The notified chemical was not teratogenic in rats and rabbits, was not neurotoxic in mice and monkeys, and had no effect on male and female reproduction in rats, or insulin secretion and carbohydrate metabolism in normal and diabetic human volunteers. Sucralose was found to induce a reduction in thymus weight in rats dosed orally with 3000 mg/kg bw/day. The NOEL for immunological endpoints was 750 mg/kg bw/day.

The sucralose hydrolysis products, 4-CG and 1,6-DCF, when test as an equimolar mixture was not teratogenic, not neurotoxic, and had no effect on male and female reproduction.

The notified chemical is not determined to be a hazardous substance according to the NOHSC Approved Criteria for Classifying Hazardous Substances (NOHSC, 1999).

Or the whole report is here

There is also a really good overview of artificial sweeteners Here at BB.com if you want to read it.

ps: The usual concentration of sucralose in foods is 0.025-0.15 %.

 

[Super Hulk]

that stuff is a lie.
within minutes of drinking soda with aspartame or sucralose i get a headache.
Every time.

show me someone who consumes aspartame over a few years who has no health problems.i will bet money you cant do it.

 

[Tweaked]

that stuff is a lie.

yes, we should all take your word for it.

 

[Emma-Leigh]

that stuff is a lie.

within minutes of drinking soda with aspartame or sucralose i get a headache.
Every time.

And how do you know that it is not a placebo effect? Or even if it is just a reaction that your body has?
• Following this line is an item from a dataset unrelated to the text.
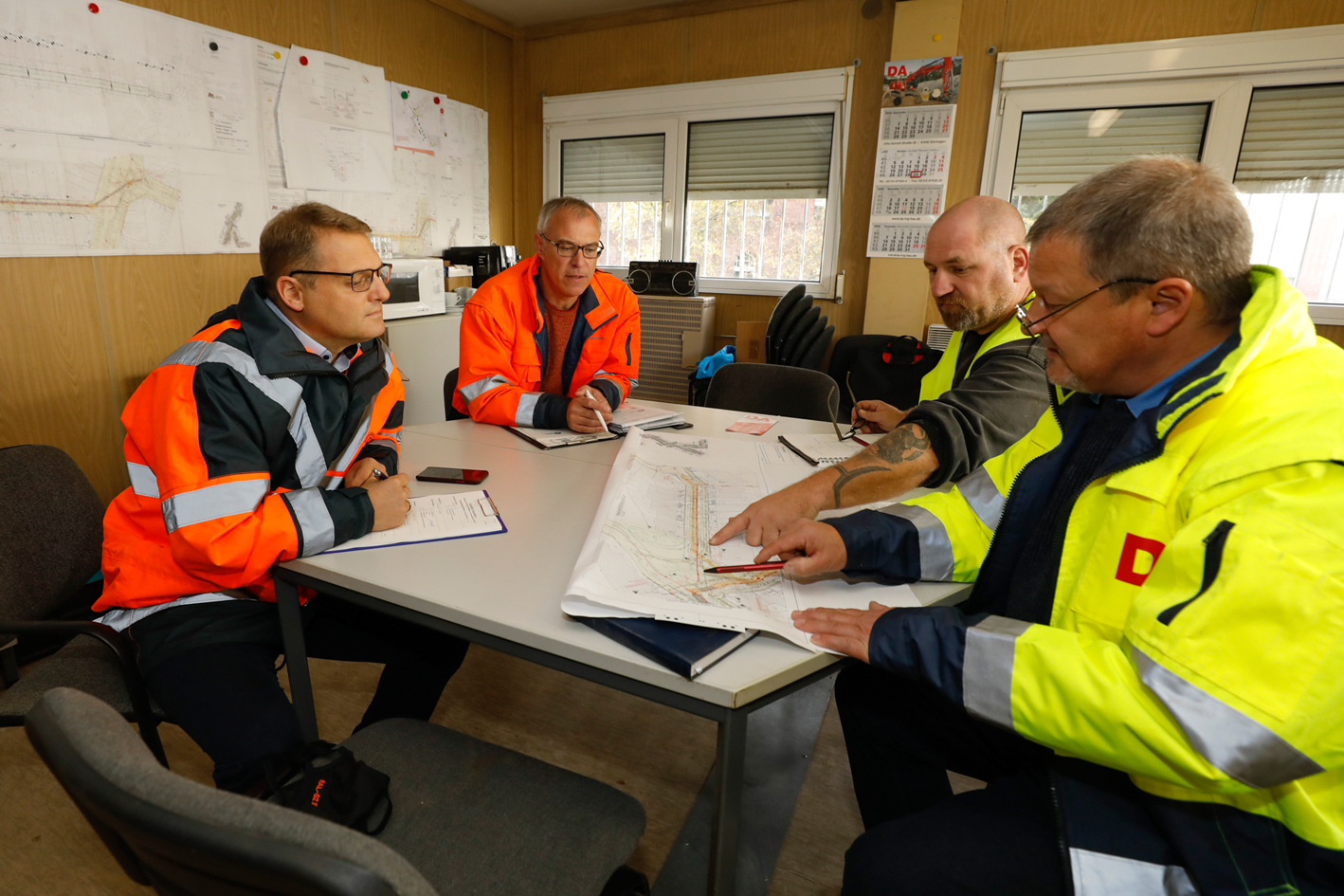 „Die ARGE hat sich als Bietergemeinschaft auf die Ausschreibung beworben und die einzelnen Aufgabenbereiche untereinander aufgeteilt“, erläutert Dipl.-Ing. Stephan Porrmann, ARGE-Bauleiter von DA Ingenieur-Bau. „Die Firma Wilhelm Fenners stellt in erster Linie eine Stollenbau-Kolonne und wir stellen die Kolonne für den offenen Kanalbau.“
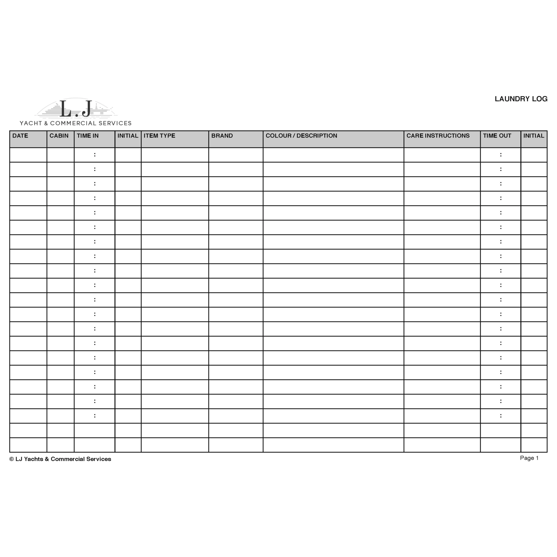 A laundry logbook is used to record garment care procedures, linen wash cycles, stain treatments, drying methods, and inventory tracking to ensure consistent service and accurate documentation of laundry operations onboard.

show me someone who consumes aspartame over a few years who has no health problems.i will bet money you cant do it.

That is similar to asking "show me someone who bodybuilds for 3 months who has no health problems...." 99% of people you ask on the street will have 'health problems' regardless of if they consume aspartame.

Oh - and ps: the article I liked to was on splenda (sucralose).